## Exercise aim
Only some lines are wanted: please transcribe exactly those from the one containing "In 2016, the" through the end of the data, pictures excluded.

### Material provided ###

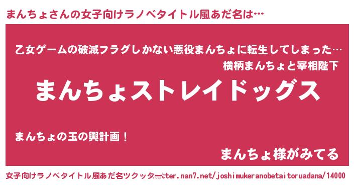 | 男性向けラノベタイトル風あだ名 | 『Re:まんちょから始める異世界生活』 |
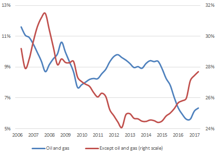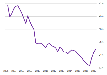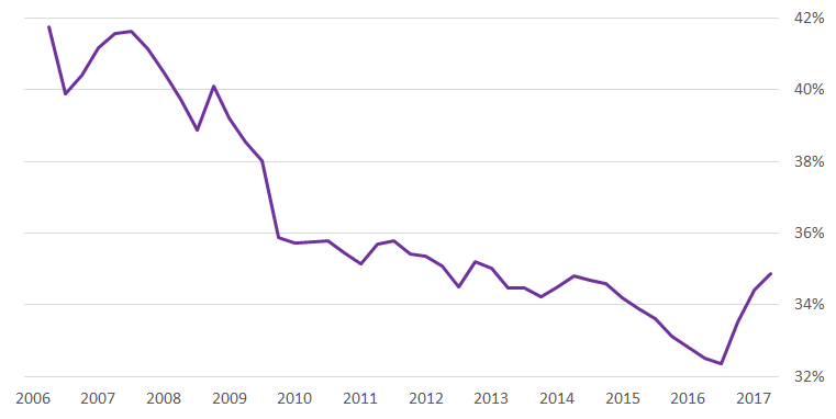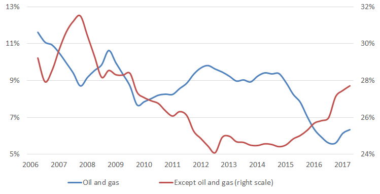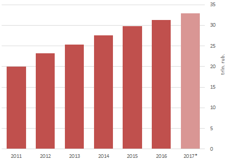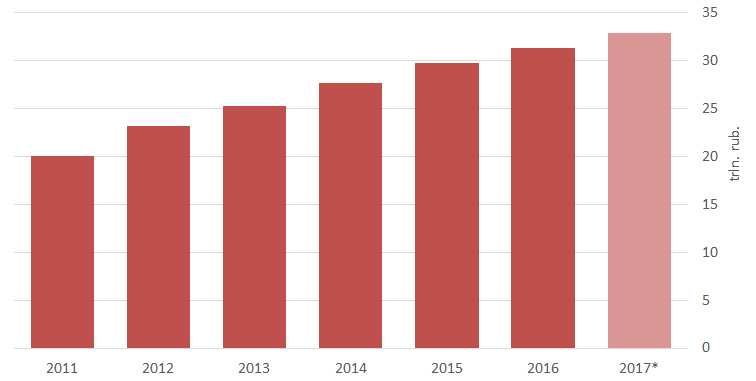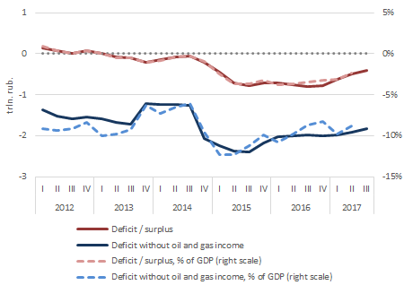 In 2016, the situation on the oil market stabilized, which, given the continued increase in the collection of taxes from other sectors, caused a sharp increase in the overall tax burden. Thus, at the end of 2016, a long-term trend of the reducing tax burden on the economy was broken. During the year it increased from 32.5% to almost 35% (second quarter of 2017), returning to the pre-crisis level.
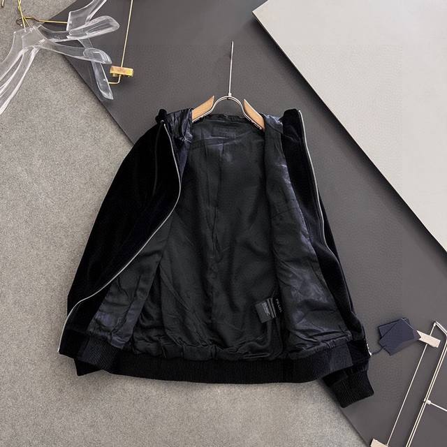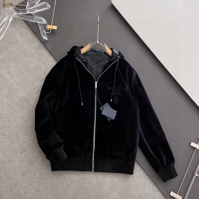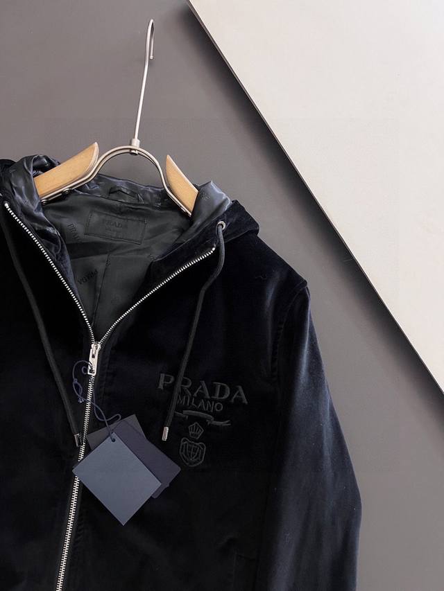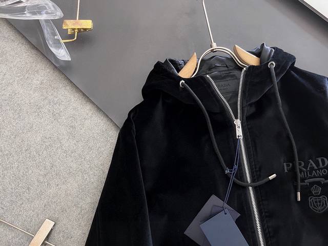 prad* Velvet hooded jacket. This jacket is made of professionally customized vel
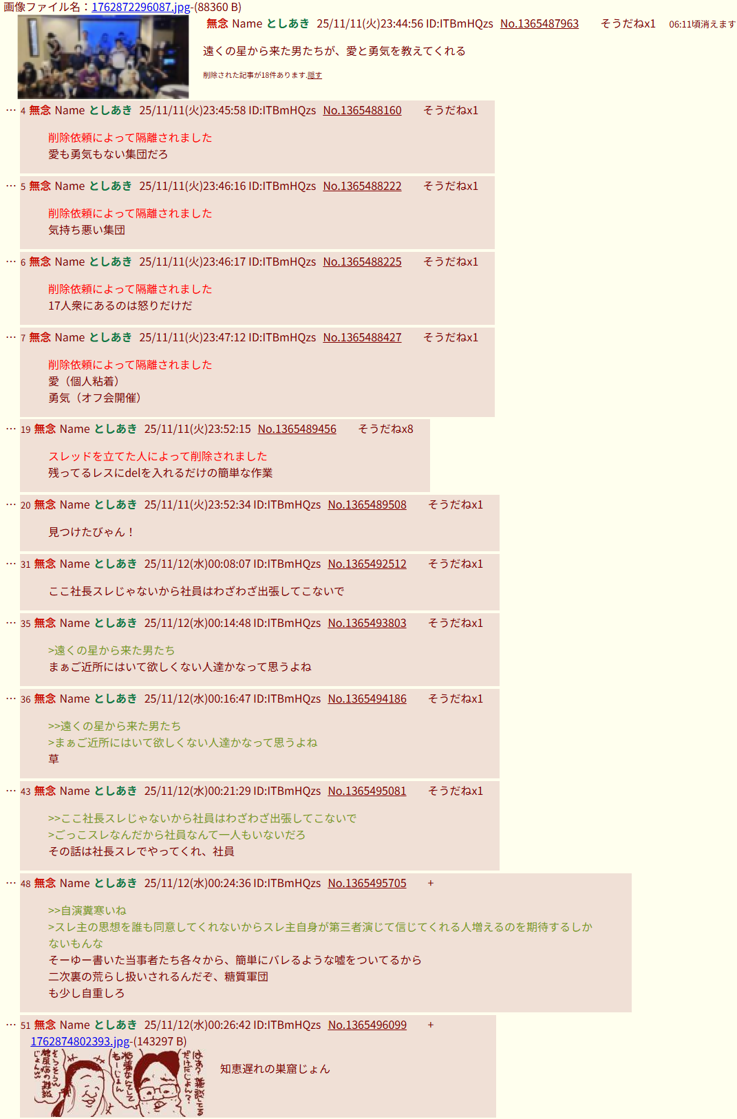 | … | 51無念Nameとしあき26/04/13(月)01:32:58No.1400499772+毎度毎度逃げるくらいなら最初から立てるなクソボケ |

###

## Response for this exercise
 In 2016, the situation on the oil market stabilized, which, given the continued increase in the collection of taxes from other sectors, caused a sharp increase in the overall tax burden. Thus, at the end of 2016, a long-term trend of the reducing tax burden on the economy was broken. During the year it increased from 32.5% to almost 35% (second quarter of 2017), returning to the pre-crisis level.
 prad* Velvet hooded jacket. This jacket is made of professionally customized vel
 | … | 51無念Nameとしあき26/04/13(月)01:32:58No.1400499772+毎度毎度逃げるくらいなら最初から立てるなクソボケ |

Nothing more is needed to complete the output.